After Japan surrendered, several Japanese officers told American interrogators that Japan had maintained a secret germ warfare program. They mentioned rumors that poisons had been tested on human subjects at a base called Unit 731, in the occupied Chinese region of Manchuria.

#11

In 1936, Ishii was given a plot of land south of Harbin, China, to build a lab where he could conduct experiments on human subjects. Between 1936 and 1942, he received at least 3,000 and possibly as many as 12,000 logs, which were destined for excruciating death.

#12

The Japanese government arrested and executed the last 150 logs of Unit 731, but they could not find any proof.

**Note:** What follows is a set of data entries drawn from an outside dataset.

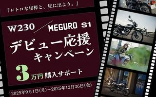 W230/MEGURO S1の新車ライフをサポート|12月26日までに2025年モデルを購入すると3万円分のクーポンをゲットできる!
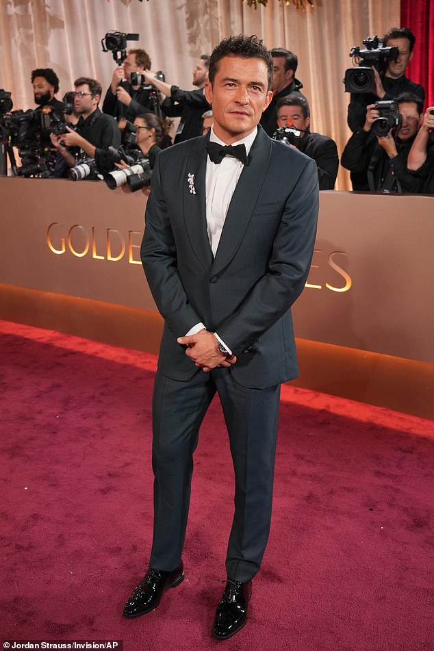 Orlando Bloom, 48, posed for the cameras in a classic navy suit, while Jacobi Jupe, 12, looked stylish in velvet.
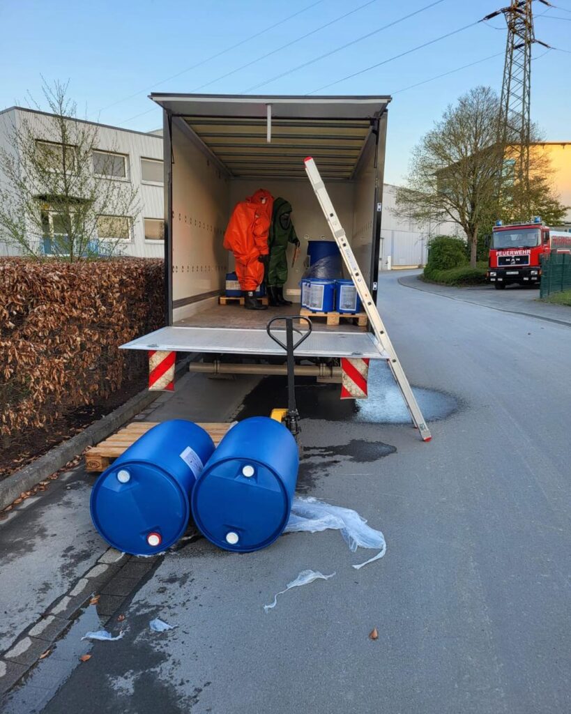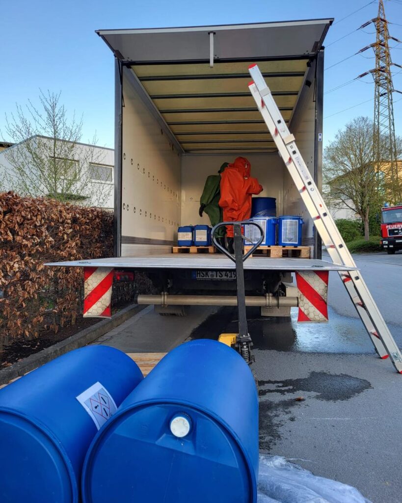 ein leckgeschlagenes Fass ab. Ebenfalls wurden Auffangwannen eingesetzt um austretenden Gefahrstoff aufzunehmen.
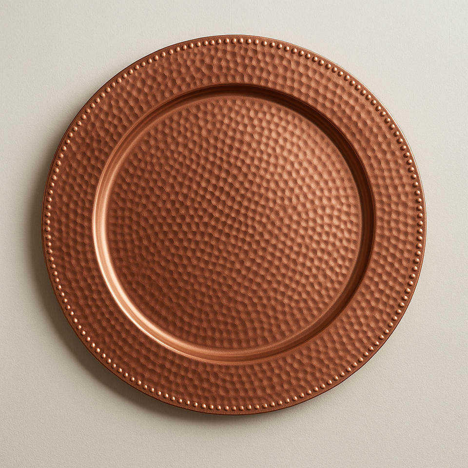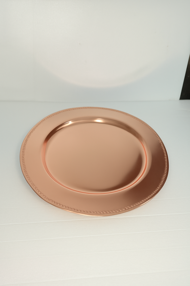จานรองอาหารโลหะสีโรสโกลด์โบราณแบบขายส่ง ขนาด 13 นิ้ว จานรองอาหารตกแต่งสำหรับโรงแรมและงานอีเว้นท์
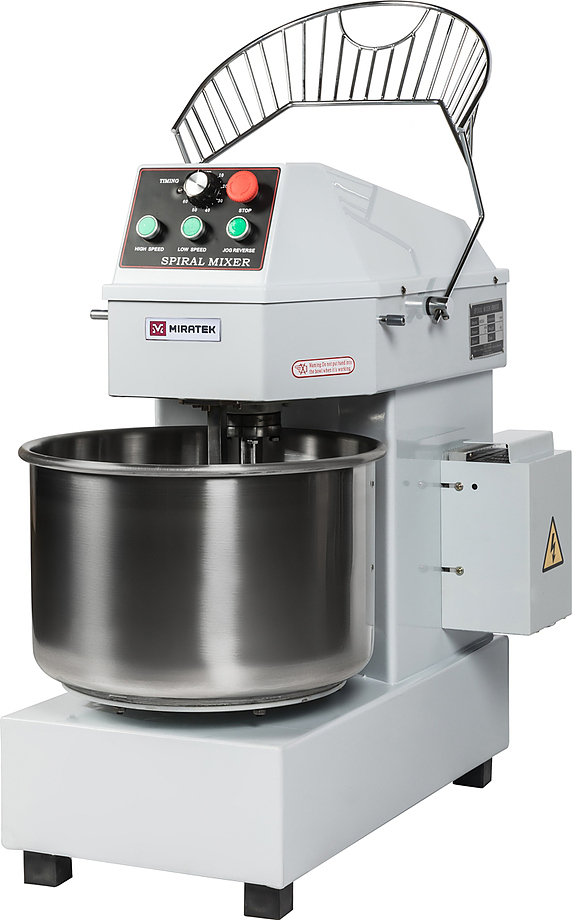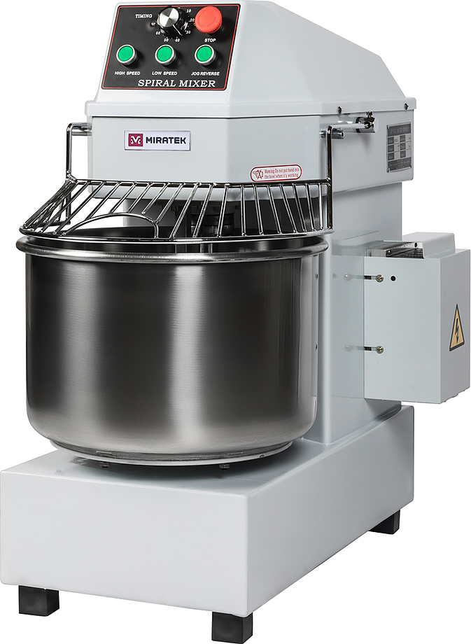 Спиральный тестомес Miratek PX-40 используется в пекарнях, кондитерских, на предприятиях общественного питания и торговли для замешивания теста с различной основой и консистенцией для выпечки большого ассортимента хлебобулочной продукции из пшеничного, ржаного и ржано-пшеничного теста.
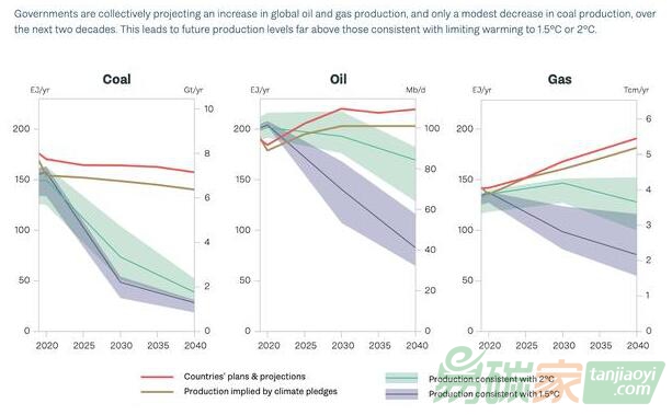 在接下來的二十年中,預(yù)計各國的石油和天然氣產(chǎn)量還將增加,只有煤炭產(chǎn)量會小幅下降。綜合看來,基于各國的生產(chǎn)計劃和相關(guān)產(chǎn)量預(yù)測,全球化石燃料總產(chǎn)量會持續(xù)增加至2040年,生產(chǎn)差距因此也將持續(xù)擴大。
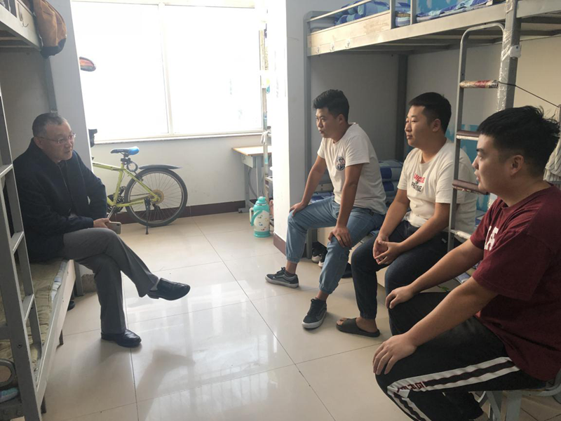 走访宿舍过程中,安海涛对同学们嘘寒问暖,详细了解了同学们在学习、生活、就业、社团活动以及学生党支部建设等方面的情况,对学生在个人成长中遇到的问题与困惑给出了建议。他勉励学生们认真努力学习专业知识,提升理论素养;积极主动寻找实践的机会,培养实践能力;进行独立的思考与判断,拓宽专业视野。学生党员更是要学以致用,敢于担当,真正在同学中发挥模范带头作用。
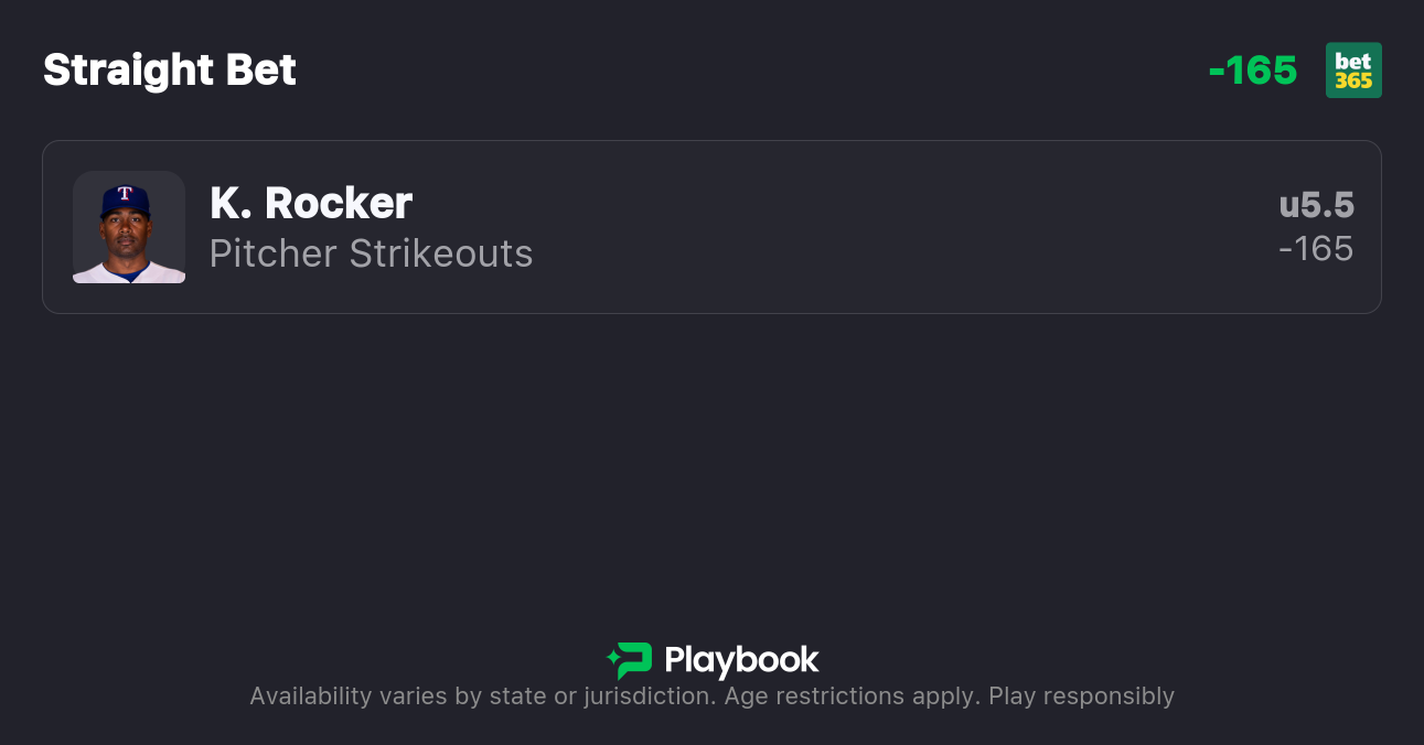 Let’s back the Under 5.5 strikeouts on Kumar Rocker tonight against the Pirates. The matchup and early-season trends both point to a lower-K outing for the right-hander.
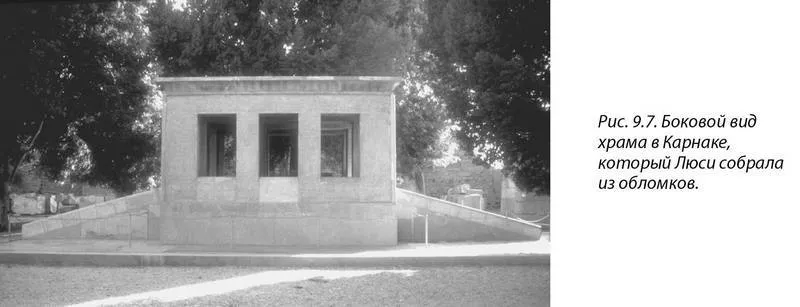 Чтобы получить представление о величине изображенного на рисунке маленького храма, представьте себе, что голова стоящего перед ним человека находится почти на уровне нижнего края его наклонного подоконника. До того как Люси нашла камни этого храма, они были всего лишь большой грудой обломков. Археологи знали, что они являются составными частями какого-то уникального архитектурного сооружения; вокруг ничего подобного не было. Но они не знали, как выглядело это здание, поэтому оставили камни в большой куче, надеясь, что кто-нибудь когда-нибудь это выяснит. Потом археологи нашли другую кучу не менее уникальных камней. И об этих камнях они тоже ничего не могли сказать. Что делать с грудой обломков? Трудно ведь сказать, как изначально выглядело здание, верно?
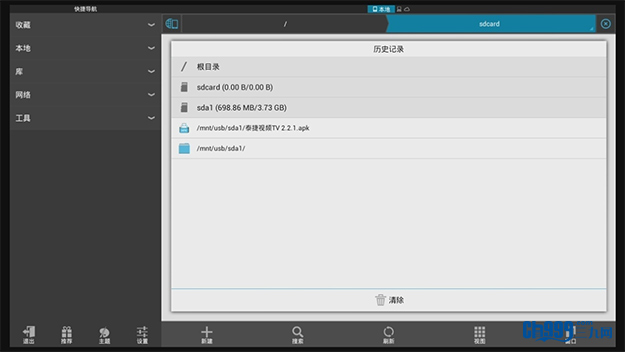 2、进入文件浏览器,切换至sdcard界面;
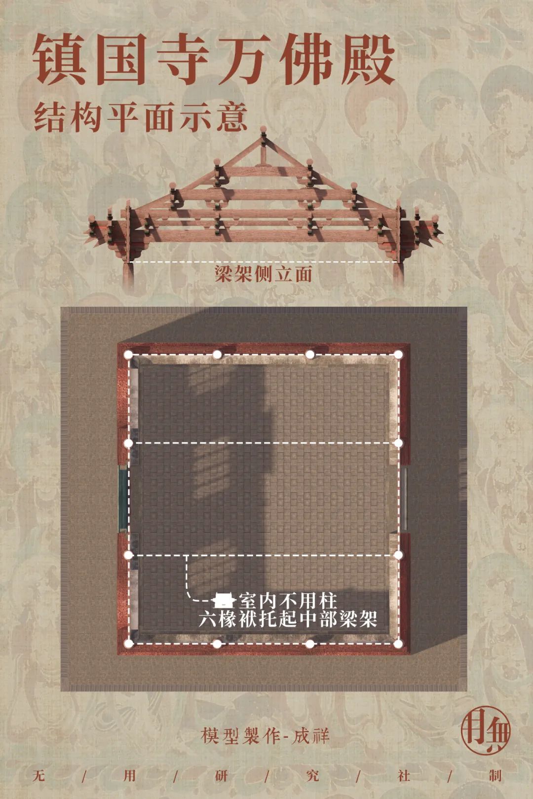 东侧六椽袱镇国寺万佛殿采用彻上露明造的双栿结构,取消殿内天花,将原本在天花上部的草栿暴露出来形成上道梁栿,可以看做是唐代殿堂型构架的延续,体现了五代时期北汉的官式建筑做法。

In the last days of the war, Ishii had ordered the execution of the last 150 prisoners, told his men that they must take the secret to the grave, and gave them cyanide capsules if they were arrested.

#13

The American government granted amnesty to Ishii and all who had worked with him at Unit 731, and he began turning over boxes of documents. They were full of uniquely valuable data about how various toxins affect the human body, how these toxins can be spread, and what dosage levels kill most effectively.